→ RECORDS:
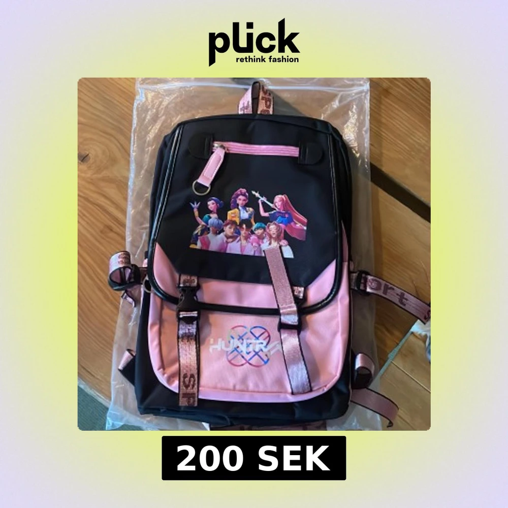 Helt ny, oanvänd! Cool KPop Demon Hunters ryggsäck i svart och rosa med anime-tryck på framsidan och texten HUNTRX. Flera fack, rosa detaljer och justerbara remmar. Kommer med hängdekoration i rosa och USB kabel. Praktisk dragkedja och snygg design.
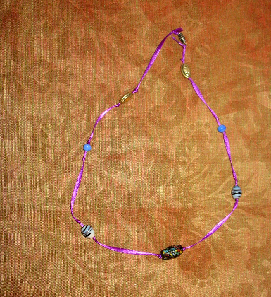 - strung a bead and ribbon necklace to see how it would look (the background fabric will be the lining for the yoga mat tote I’m working on!)
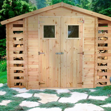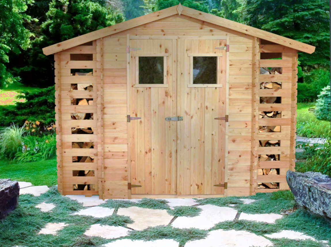 - Aizslēdzama dārza mājiņa ar malkas nojume.
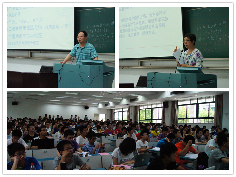学院党委副书记毕建权老师在大会开始首先对会议内容进行了简要介绍,并对确认后的分班、选导师等与学生切实相关的工作安排进行了讲解。随后,本科教学科杨敏虹老师对《全讯600cc大白菜官网2012级本科生学业指导必读手册》作了详尽细致的解释,并针对手册中主要纲要和重点部分进行了相关政策的讲解和特别的提醒。杨老师在讲话中也鼓励同学们参与到电气学院的各项活动与计划之中,以不断提升自我学业水平和实践能力为目标进行今后的学习生活。
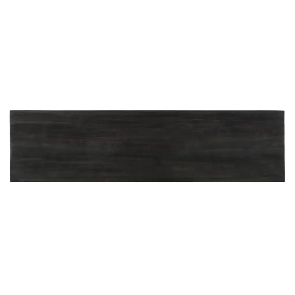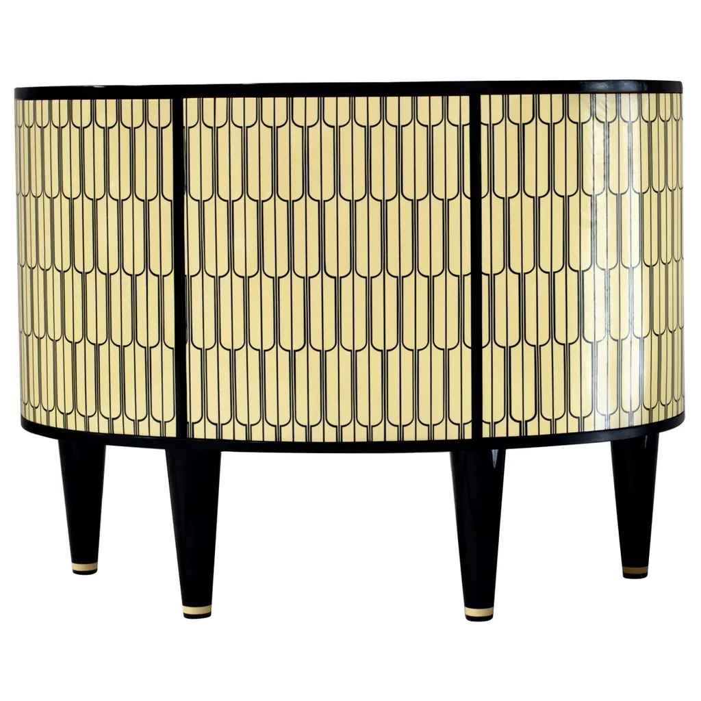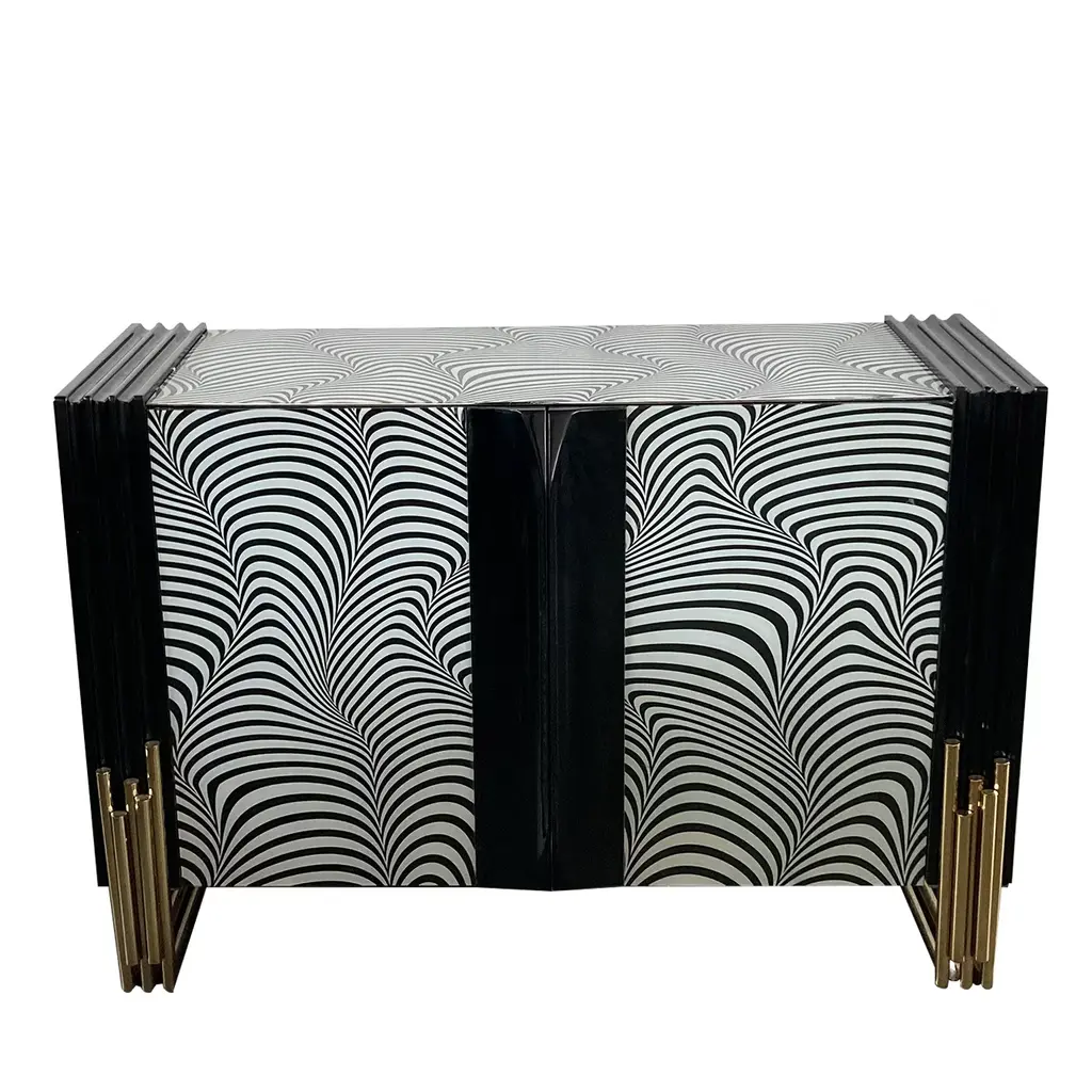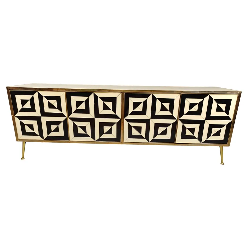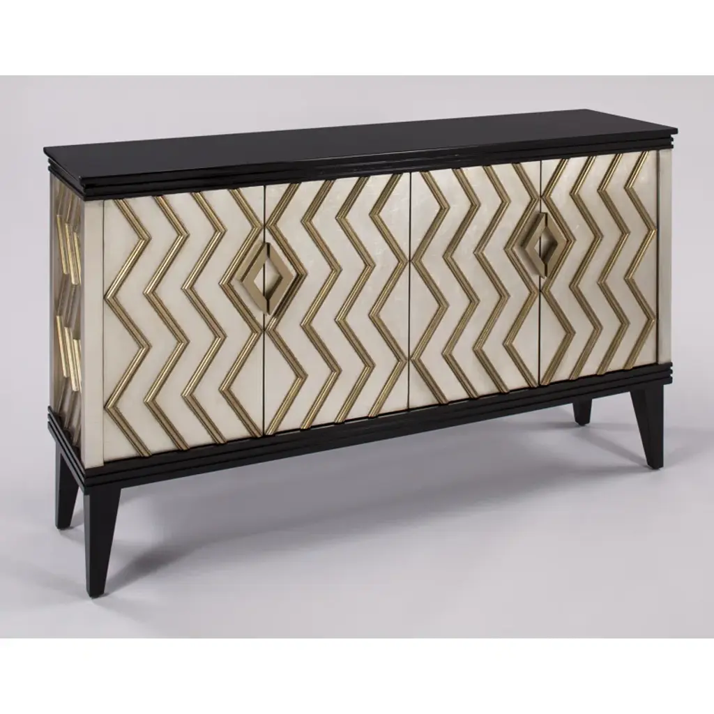 The striking staccato style of the Renee credenza is expressed with a black wood finish accented by beige, brown, and bone inlay on the door fronts. Crafted of mango wood, the credenza has 3 doors with touch latches, one fixed shelf behind each door, and wire management holes in the back. A gold metal base and legs complete the eclectic design.
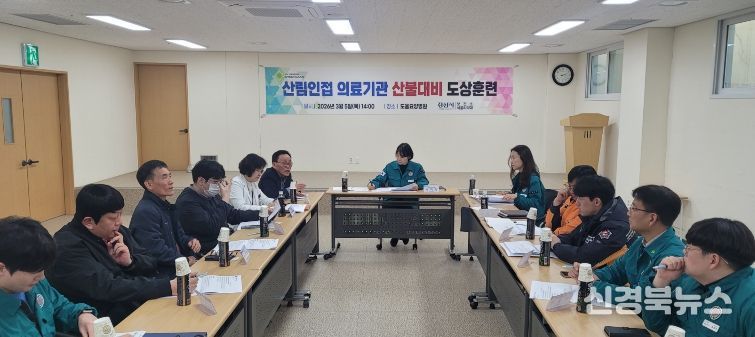 [신경북뉴스] 경산시는 도움요양병원 다목적홀에서 산림 인접 의료기관의 산불 대응 능력 향상을 위한 도상 훈련을 진행했다.
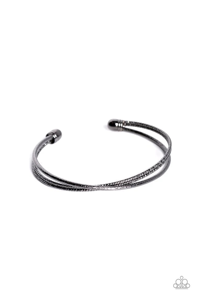 One strand of glittery gunmetal and one double strand of textured gunmetal crisscross across the wrist, coalescing into a versatile cuff around the wrist.
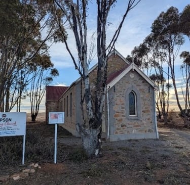 Lipson Uniting Church (first called Burrawing Mine Wesleyan Chapel) was the second church to be built on Eyre Peninsula in 1869 at the site of the Burrawing Copper Mines when they opened, has an interesting and colourful history. Services were conducted first in the Burrawing Mine carpenters shop and then at Mine School site. In 1873 a stone chapel was built with local stone 40 foot by 21 foot at the copper mine site. However when the copper rush ended 1874 the miners left the district, but despite this worship continued at Burrawing for the next 20 years!
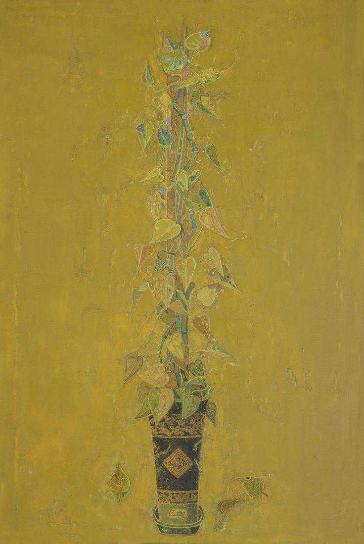 戴家峰绿萝盆景布面油画120X80cm2021年
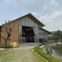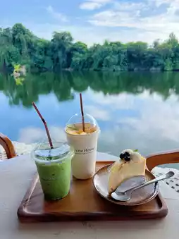 Chonburi cafe The shop is located amidst mountains and a private lake. It feels like being in Khao Yai. The area is spacious, shady, and natural. There are both indoor and outdoor zones. There are many photo zones. If you go during the holidays, there will be quite a lot of people.
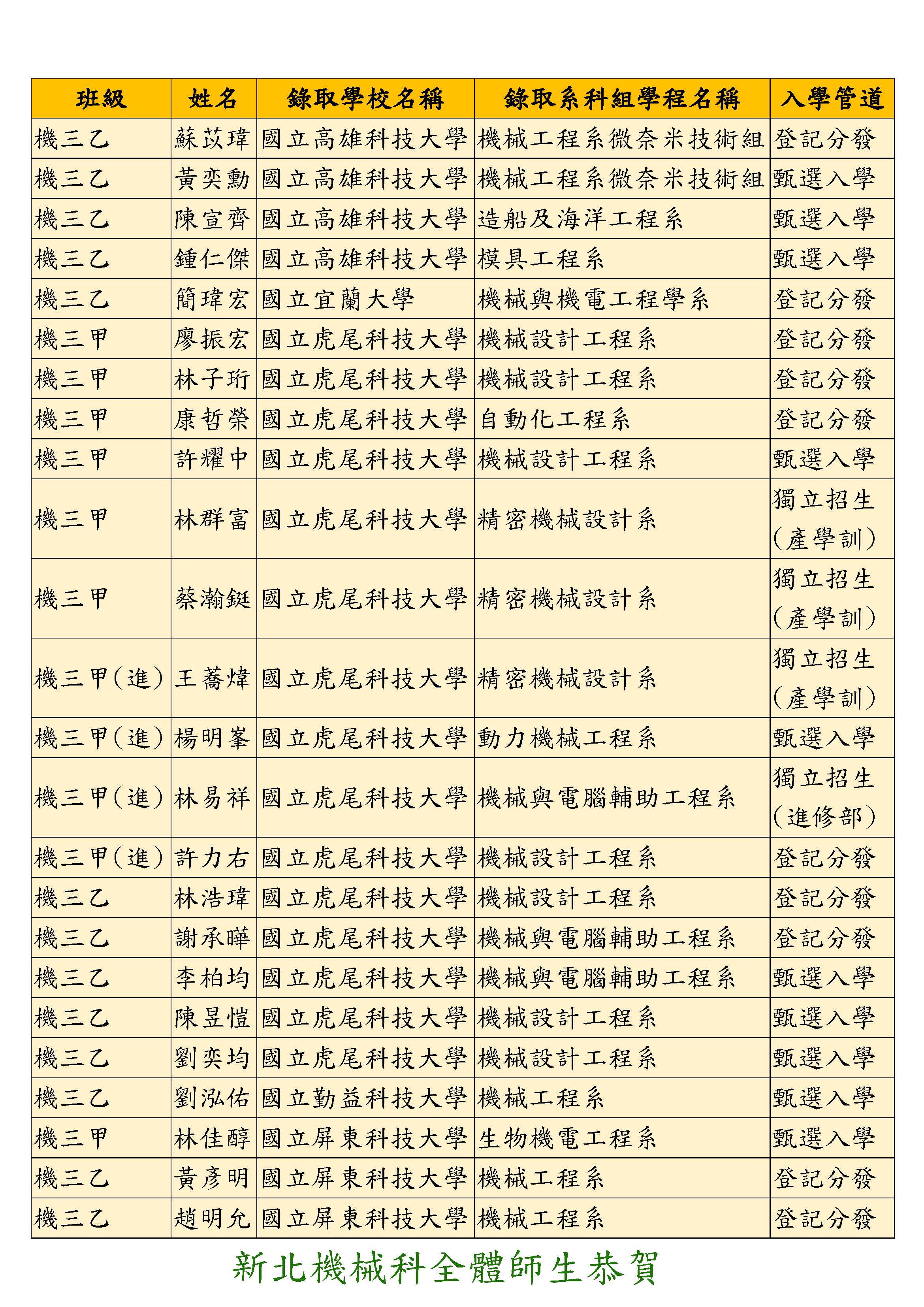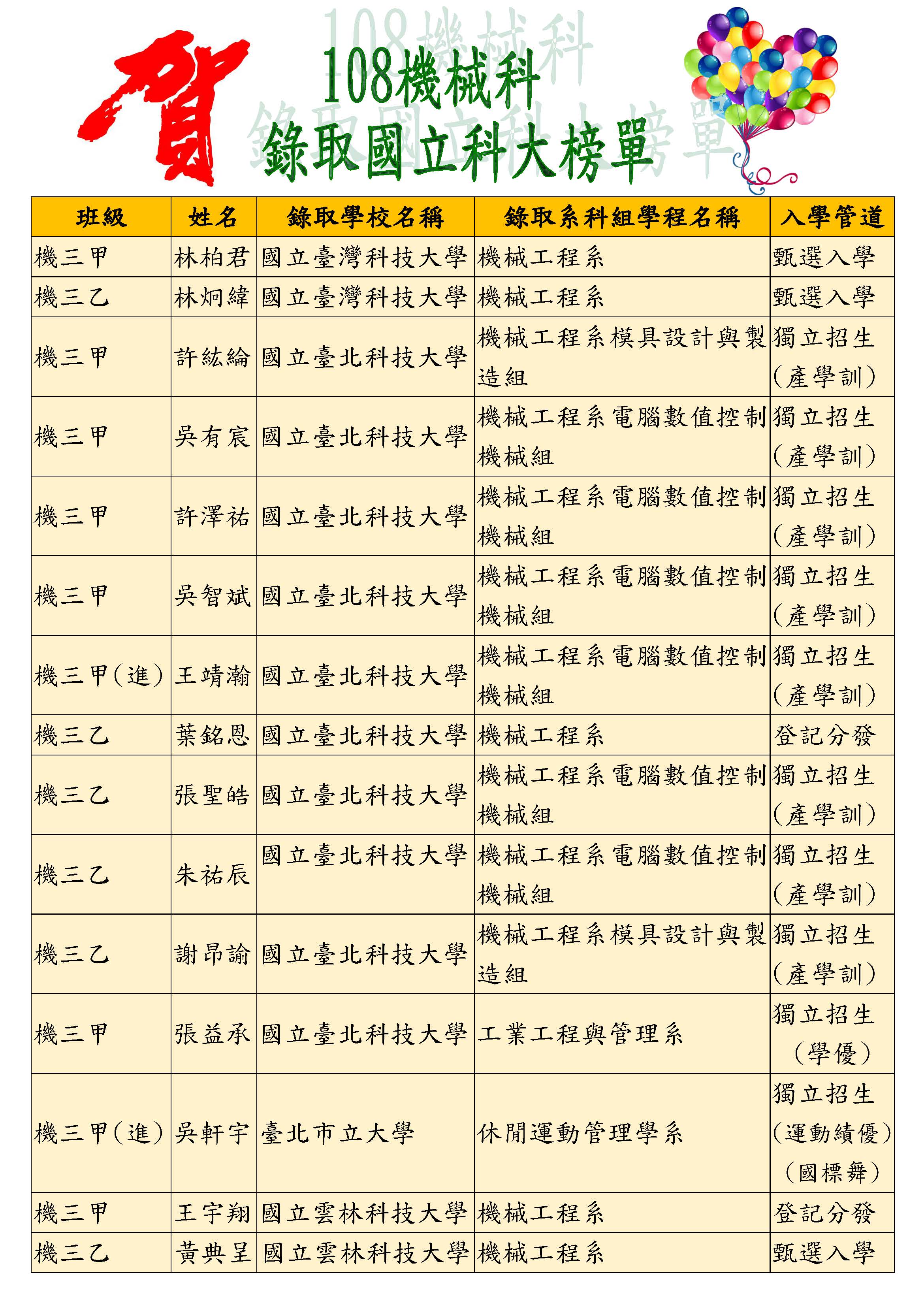 108年錄取臺科2位、北科10位、 臺北市立大學1位,

→ REQUIRED WORK:
Transcribe, word for word, only the material from its opening line through the line containing "One strand of", both ends included, and omit the pictures.

→ RESULT BELOW:
 Helt ny, oanvänd! Cool KPop Demon Hunters ryggsäck i svart och rosa med anime-tryck på framsidan och texten HUNTRX. Flera fack, rosa detaljer och justerbara remmar. Kommer med hängdekoration i rosa och USB kabel. Praktisk dragkedja och snygg design.
 - strung a bead and ribbon necklace to see how it would look (the background fabric will be the lining for the yoga mat tote I’m working on!)
 - Aizslēdzama dārza mājiņa ar malkas nojume.
学院党委副书记毕建权老师在大会开始首先对会议内容进行了简要介绍,并对确认后的分班、选导师等与学生切实相关的工作安排进行了讲解。随后,本科教学科杨敏虹老师对《全讯600cc大白菜官网2012级本科生学业指导必读手册》作了详尽细致的解释,并针对手册中主要纲要和重点部分进行了相关政策的讲解和特别的提醒。杨老师在讲话中也鼓励同学们参与到电气学院的各项活动与计划之中,以不断提升自我学业水平和实践能力为目标进行今后的学习生活。
 The striking staccato style of the Renee credenza is expressed with a black wood finish accented by beige, brown, and bone inlay on the door fronts. Crafted of mango wood, the credenza has 3 doors with touch latches, one fixed shelf behind each door, and wire management holes in the back. A gold metal base and legs complete the eclectic design.
 [신경북뉴스] 경산시는 도움요양병원 다목적홀에서 산림 인접 의료기관의 산불 대응 능력 향상을 위한 도상 훈련을 진행했다.
 One strand of glittery gunmetal and one double strand of textured gunmetal crisscross across the wrist, coalescing into a versatile cuff around the wrist.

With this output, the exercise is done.